Items from a dataset
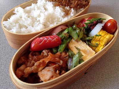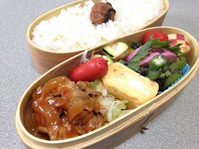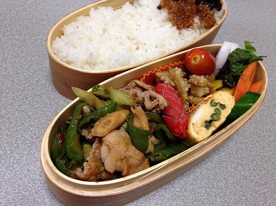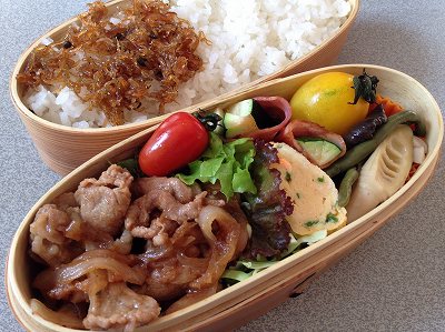 夏バテ防止に豚肉!ということで、豚の生姜焼き弁当です。(って年中使っているけど)生姜焼きは、玉ねぎ入りのちょいタレありタイプ。で、そのタレを受け止めるためにキャベツの千切りとレタスだし巻き卵煮物(真竹、人参、いんげん)真竹もこれでラストかな。ズッキーニのベーコン巻きミニトマトちりめん山椒 ポチッとお願いします。 明日は、健康診断の日。今日ぐらいは休肝日にしようかな。(たびたび休んでいるように思うでしょうが、最近は、10日に1回程度です。)
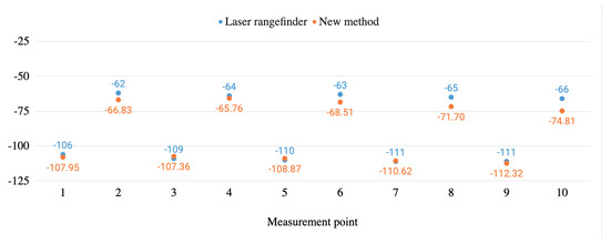 The measurements with the laser rangefinder were made at the points of interest of the track for operators, typically under the posts and in the mid-span. Said measurement points were noted and subsequent measurements were made at the same points using the proposed method.
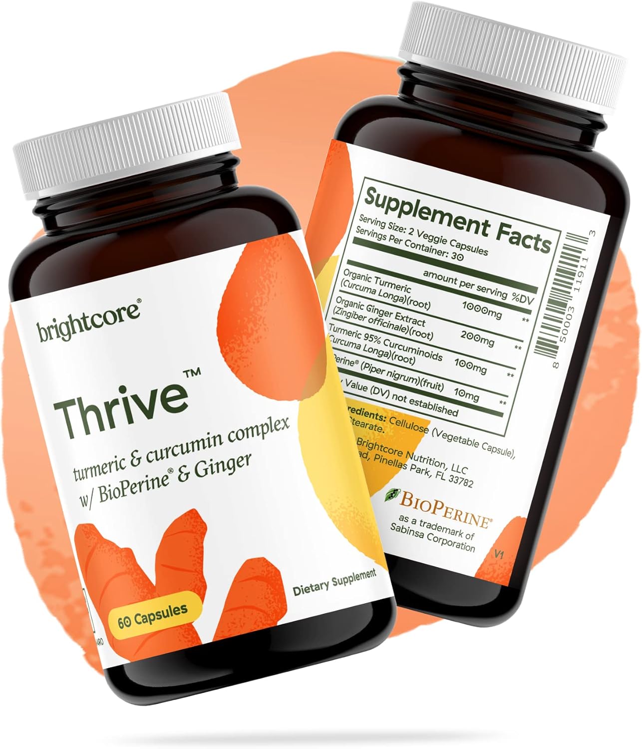 About this item Balance of curcumin, BioPerine, turmeric and ginger. With Patented Black Pepper Extract: BioPerine Enhance your focus with Thrive. Potent curcumin supplement. They’re non-GMO, dairy-free, gluten-free, soy-free, and have no artificial binders, fillers, or colors. › See more product details,Balance of curcumin, BioPerine, turmeric and ginger,With Patented Black Pepper Extract: BioPerine,Enhance your focus with Thrive,Potent curcumin supplement,They’re non-GMO, dairy-free, gluten-free, soy-free, and have no artificial binders, fillers, or colors
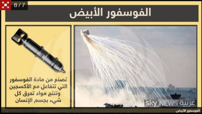كما يعد الفوسفور الأبيض من أسلحة الدمار الشامل، إذ يصنع من مادة الفوسفور التي تتفاعل مع الأكسجين منتجة مواد شديدة الاحتراق، وقد استخدم الفوسفور الأبيض من قبل الجيش الأميركي في العراق، وكذلك من قبل الجيش الإسرائيلي في حربه على غزة في 2007.
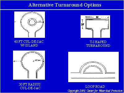 Alternative turnaround options include a loop road and a t-shaped (also called a hammerhead) turnaround. Loop roads are semi-circular and provide two points of entry and exit, serving twice as many residential units as compared to cul-de-sacs (Bucks County, 1980). Hammerheads generate 75% less impervious cover than a 40 foot cul-de-sac but are generally only applied when streets are less than 200 feet long or when lot sizes are very large.
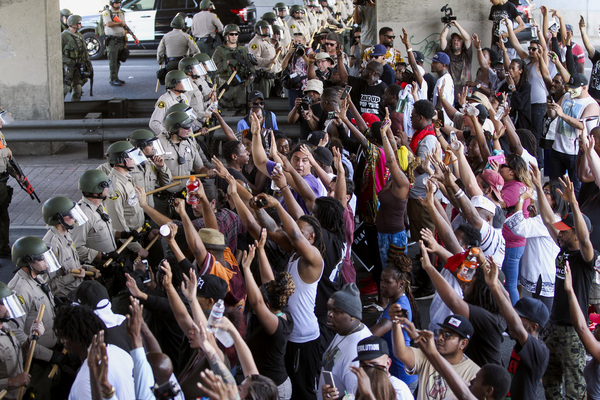 On Twitter, the department disputed some of the claims made by protesters: "The investigation just started, but based on the video voluntarily provided by a witness, the subject did NOT have his hands up in the air."
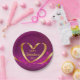 Heart Gold Ribbon Happy Valentine's Day Purple Paper Plate
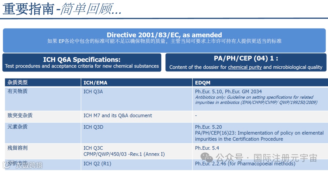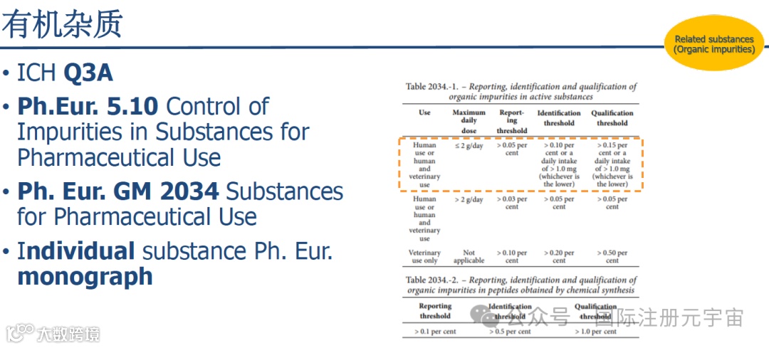 EDQM:杂质控制-有机杂质

_What is needed:_ Please repeat the data verbatim and leave the pictures out of your copy.

_Answer to the problem:_
 夏バテ防止に豚肉!ということで、豚の生姜焼き弁当です。(って年中使っているけど)生姜焼きは、玉ねぎ入りのちょいタレありタイプ。で、そのタレを受け止めるためにキャベツの千切りとレタスだし巻き卵煮物(真竹、人参、いんげん)真竹もこれでラストかな。ズッキーニのベーコン巻きミニトマトちりめん山椒 ポチッとお願いします。 明日は、健康診断の日。今日ぐらいは休肝日にしようかな。(たびたび休んでいるように思うでしょうが、最近は、10日に1回程度です。)
 The measurements with the laser rangefinder were made at the points of interest of the track for operators, typically under the posts and in the mid-span. Said measurement points were noted and subsequent measurements were made at the same points using the proposed method.
 About this item Balance of curcumin, BioPerine, turmeric and ginger. With Patented Black Pepper Extract: BioPerine Enhance your focus with Thrive. Potent curcumin supplement. They’re non-GMO, dairy-free, gluten-free, soy-free, and have no artificial binders, fillers, or colors. › See more product details,Balance of curcumin, BioPerine, turmeric and ginger,With Patented Black Pepper Extract: BioPerine,Enhance your focus with Thrive,Potent curcumin supplement,They’re non-GMO, dairy-free, gluten-free, soy-free, and have no artificial binders, fillers, or colors
كما يعد الفوسفور الأبيض من أسلحة الدمار الشامل، إذ يصنع من مادة الفوسفور التي تتفاعل مع الأكسجين منتجة مواد شديدة الاحتراق، وقد استخدم الفوسفور الأبيض من قبل الجيش الأميركي في العراق، وكذلك من قبل الجيش الإسرائيلي في حربه على غزة في 2007.
 Alternative turnaround options include a loop road and a t-shaped (also called a hammerhead) turnaround. Loop roads are semi-circular and provide two points of entry and exit, serving twice as many residential units as compared to cul-de-sacs (Bucks County, 1980). Hammerheads generate 75% less impervious cover than a 40 foot cul-de-sac but are generally only applied when streets are less than 200 feet long or when lot sizes are very large.
 On Twitter, the department disputed some of the claims made by protesters: "The investigation just started, but based on the video voluntarily provided by a witness, the subject did NOT have his hands up in the air."
 Heart Gold Ribbon Happy Valentine's Day Purple Paper Plate
 EDQM:杂质控制-有机杂质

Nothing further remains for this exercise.